(Items from a data source)
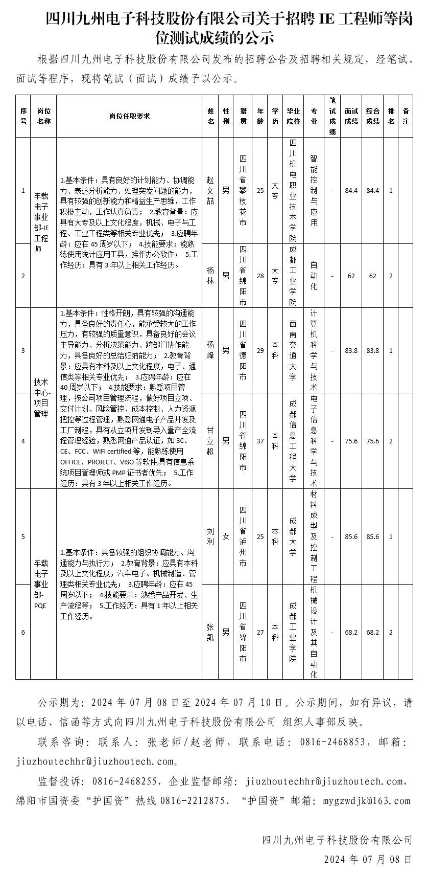 四川九州电子科技股份有限公司关于招聘IE工程师等岗位测试成绩的公示
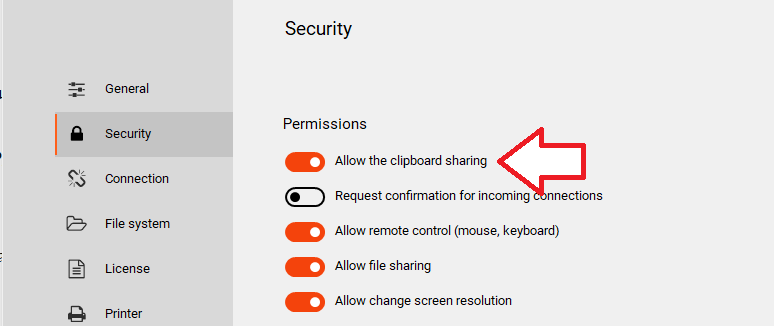 Dal remoto al locale (testo): possibile solo se sul PC remoto è abilitata l’opzione “Consenti la condivisione degli appunti” nelle impostazioni di sicurezza.
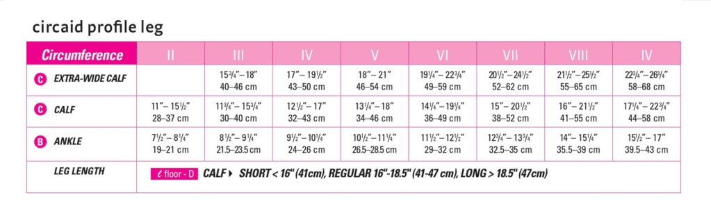 Click here to open the CircAid Profile nighttime compression sleeve sizing chart.
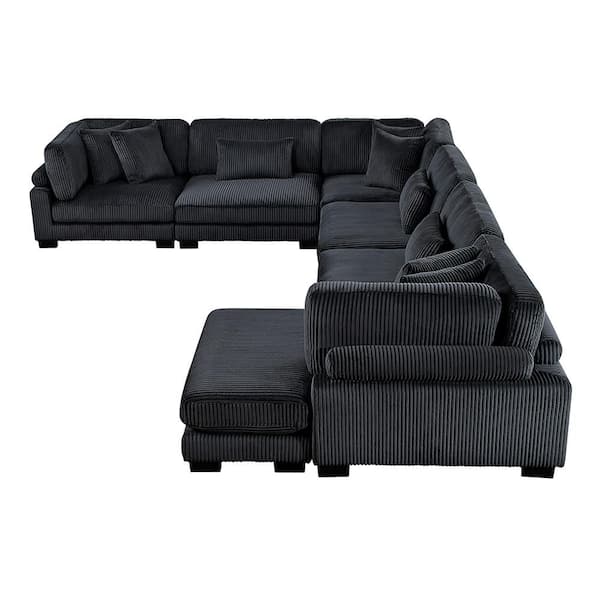 Turbo 135 in. Pillow Top Arm 6-Piece Corduroy Fabric Modular Sectional Sofa in. Black with Reversible Chaise
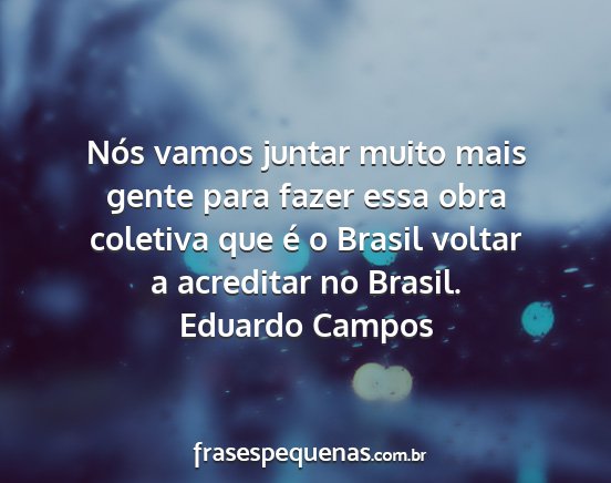 Nós vamos juntar muito mais gente para fazer essa obra coletiva que é o Brasil voltar a acreditar no Brasil.Eduardo Campos
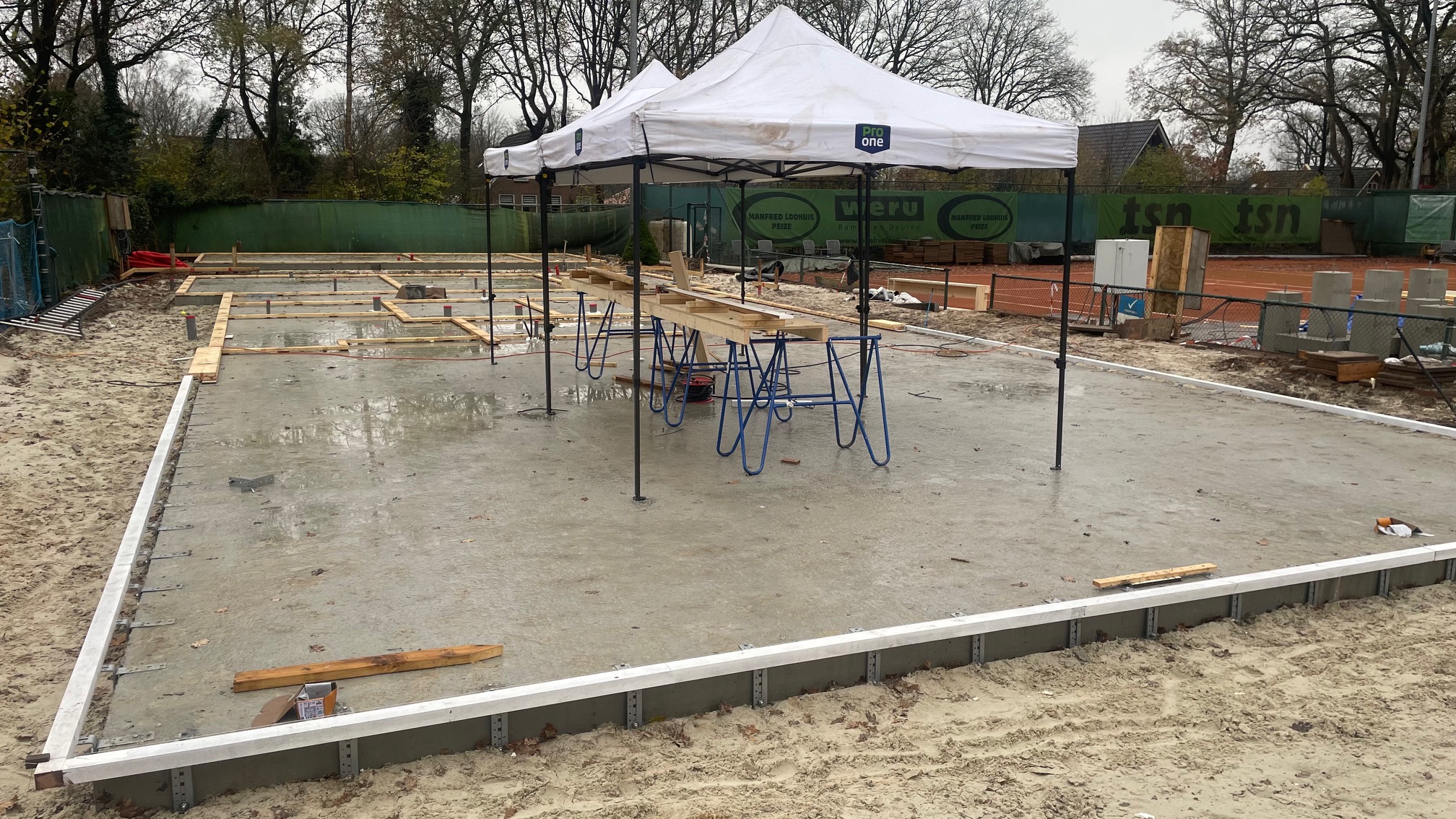 Het meeste werk ind e afgelopen weken zat in de voorbereidingen voor de fundering en het gieten van de betonvloer. Dat heeft uiteraard ook tijd nodig om te drogen, voordat begonnen kan worden, met de eerste bouwwerkzaamheden.
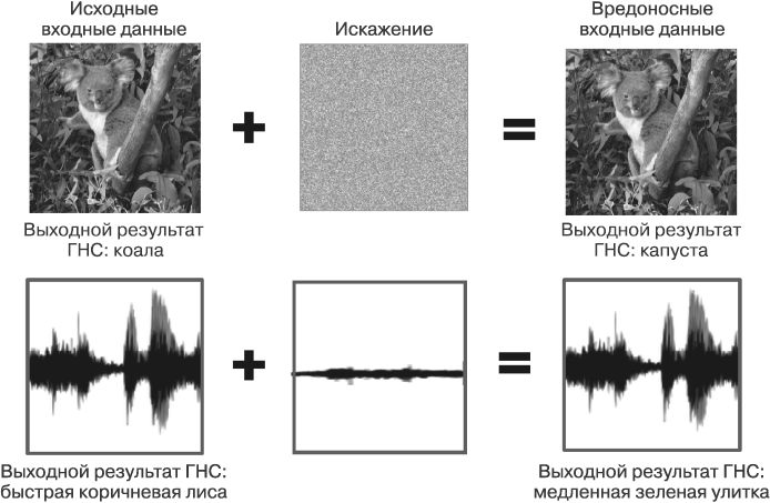 Хотя любой алгоритм машинного обучения в какой-то мере уязвим к вредоносным входным данным, глубокие нейронные сети обладают повышенной степенью уязвимости, поскольку они лучше справляются с задачами, в которых трудно четко определить, по каким признакам данных следует производить обучение. То есть мы слабо представляем, какие аспекты данных важны для алгоритма ГНС, или не понимаем этого вообще. Если мы не понимаем, на основе каких аспектов данных алгоритм принимает решения, то можем ли мы надеяться на проведение хороших тестов для проверки устойчивости алгоритмов? Вредоносные входные данные используют то обстоятельство, что модели глубокого обучения, как правило, имеют дело с миллионами возможных вариантов входных данных, основываясь лишь на небольшом количестве изученных примеров3. Обученные модели должны одновременно обладать и достаточной гибкостью, чтобы справляться с вариабельностью данных, и способностью обобщать новые данные. Как следствие, поведение глубокой нейронной сети остается непроверенным для большинства возможных входных данных и часто может быть неожиданным.

> **What is expected**
With the pictures left out, write out exactly the lines from the line containing "Click here to" through the last line of the entries above, both ends included, and no others.

> **Solution for this problem**
 Click here to open the CircAid Profile nighttime compression sleeve sizing chart.
 Turbo 135 in. Pillow Top Arm 6-Piece Corduroy Fabric Modular Sectional Sofa in. Black with Reversible Chaise
 Nós vamos juntar muito mais gente para fazer essa obra coletiva que é o Brasil voltar a acreditar no Brasil.Eduardo Campos
 Het meeste werk ind e afgelopen weken zat in de voorbereidingen voor de fundering en het gieten van de betonvloer. Dat heeft uiteraard ook tijd nodig om te drogen, voordat begonnen kan worden, met de eerste bouwwerkzaamheden.
 Хотя любой алгоритм машинного обучения в какой-то мере уязвим к вредоносным входным данным, глубокие нейронные сети обладают повышенной степенью уязвимости, поскольку они лучше справляются с задачами, в которых трудно четко определить, по каким признакам данных следует производить обучение. То есть мы слабо представляем, какие аспекты данных важны для алгоритма ГНС, или не понимаем этого вообще. Если мы не понимаем, на основе каких аспектов данных алгоритм принимает решения, то можем ли мы надеяться на проведение хороших тестов для проверки устойчивости алгоритмов? Вредоносные входные данные используют то обстоятельство, что модели глубокого обучения, как правило, имеют дело с миллионами возможных вариантов входных данных, основываясь лишь на небольшом количестве изученных примеров3. Обученные модели должны одновременно обладать и достаточной гибкостью, чтобы справляться с вариабельностью данных, и способностью обобщать новые данные. Как следствие, поведение глубокой нейронной сети остается непроверенным для большинства возможных входных данных и часто может быть неожиданным.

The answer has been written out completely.